• **Collected data**

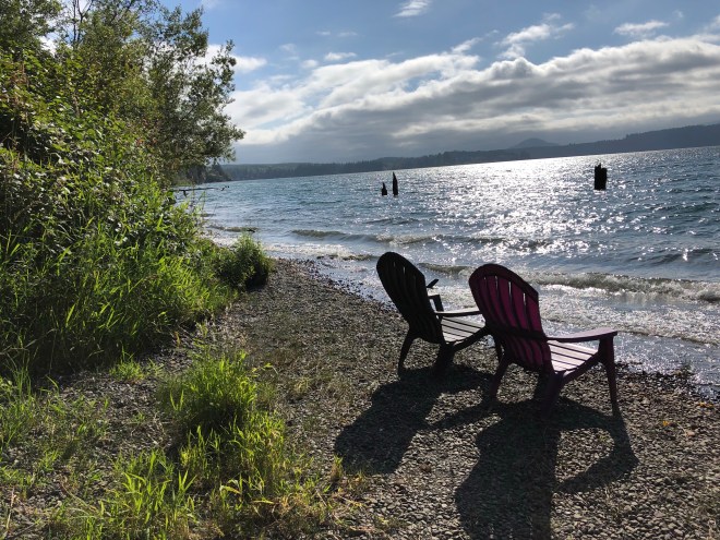After our hike, we returned to the hotel and spent some time relaxing in adirondack chairs on the shore of the lake. It’s amazing how dependent we are on our sight but it is equally amazing how without it we don’t even realize how much our other senses have absorbed. It is also amazing how much our brain processes it all. Sitting in an adirondack chair on the lakeshore, I leaned my head back and closed my eyes. I was immediately transported to another time years ago-the gentle breeze caressing my skin, the reverberating of the wind in my ears, the tender touch of the sun warming my skin, the music of the waves slowly breaking on shore, brought me to a time of such comfortable familiarity even while I sat on the shores of a distant land.
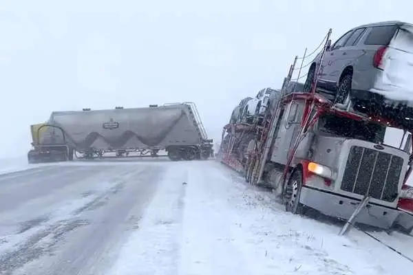 پس از اینکه طوفان زمستانی با بادهای شدید و بارش برف سنگین مینهسوتا را درنوردید، چندین کامیون در بزرگراه ۹۴ در غرب مینهسوتا دچار وضعیت جکنایف شده و گیر کردند.
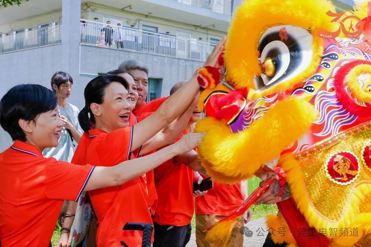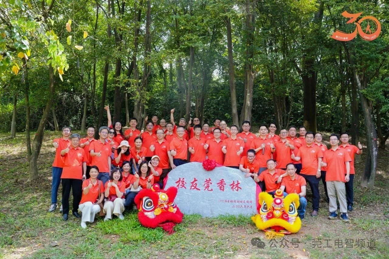 随后校友莞香林揭牌仪式在醒狮表演中启幕。灵动的醒狮腾挪跳跃,锣鼓声铿锵有力。值得一提的是这片莞香林承载着跨越时空的情谊——2006年,95届自控班校友们亲手种下50棵莞香树,现在已经长成一片茂密的莞香林,每一棵树都象征着一位同窗,见证着班级情谊的延续。
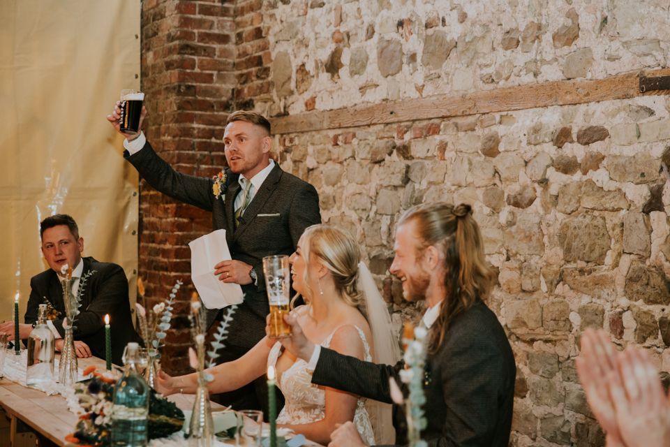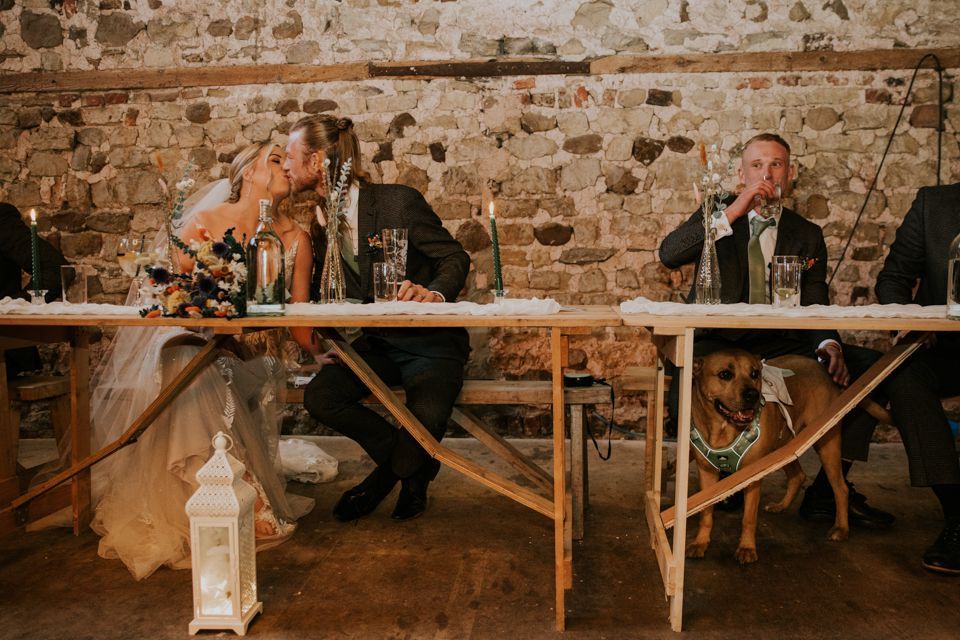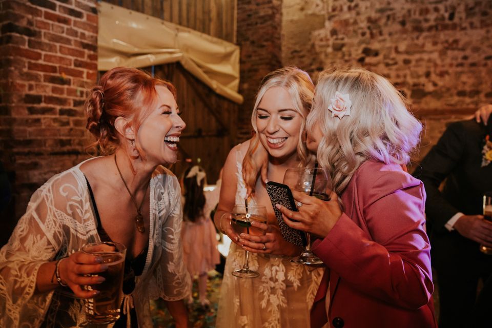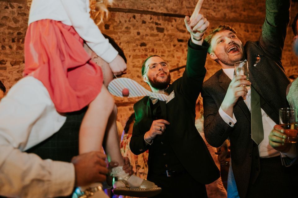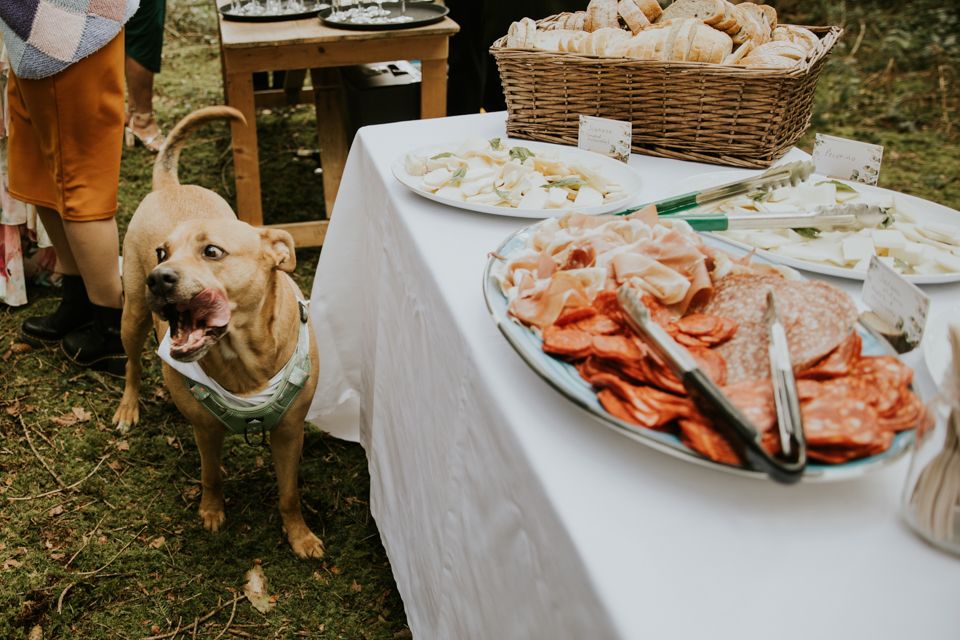 After the ceremony, everyone made their way to the barn for food. A pizza van handled the catering — casual, unfussy, and exactly what the day needed.

• **Exercise description**
Leave out the images and write out the lines above exactly, from the one with "پس از اینکه" up to and including the one with "随后校友莞香林揭牌仪式在醒狮".

• **Output of the task**
 پس از اینکه طوفان زمستانی با بادهای شدید و بارش برف سنگین مینهسوتا را درنوردید، چندین کامیون در بزرگراه ۹۴ در غرب مینهسوتا دچار وضعیت جکنایف شده و گیر کردند.
 随后校友莞香林揭牌仪式在醒狮表演中启幕。灵动的醒狮腾挪跳跃,锣鼓声铿锵有力。值得一提的是这片莞香林承载着跨越时空的情谊——2006年,95届自控班校友们亲手种下50棵莞香树,现在已经长成一片茂密的莞香林,每一棵树都象征着一位同窗,见证着班级情谊的延续。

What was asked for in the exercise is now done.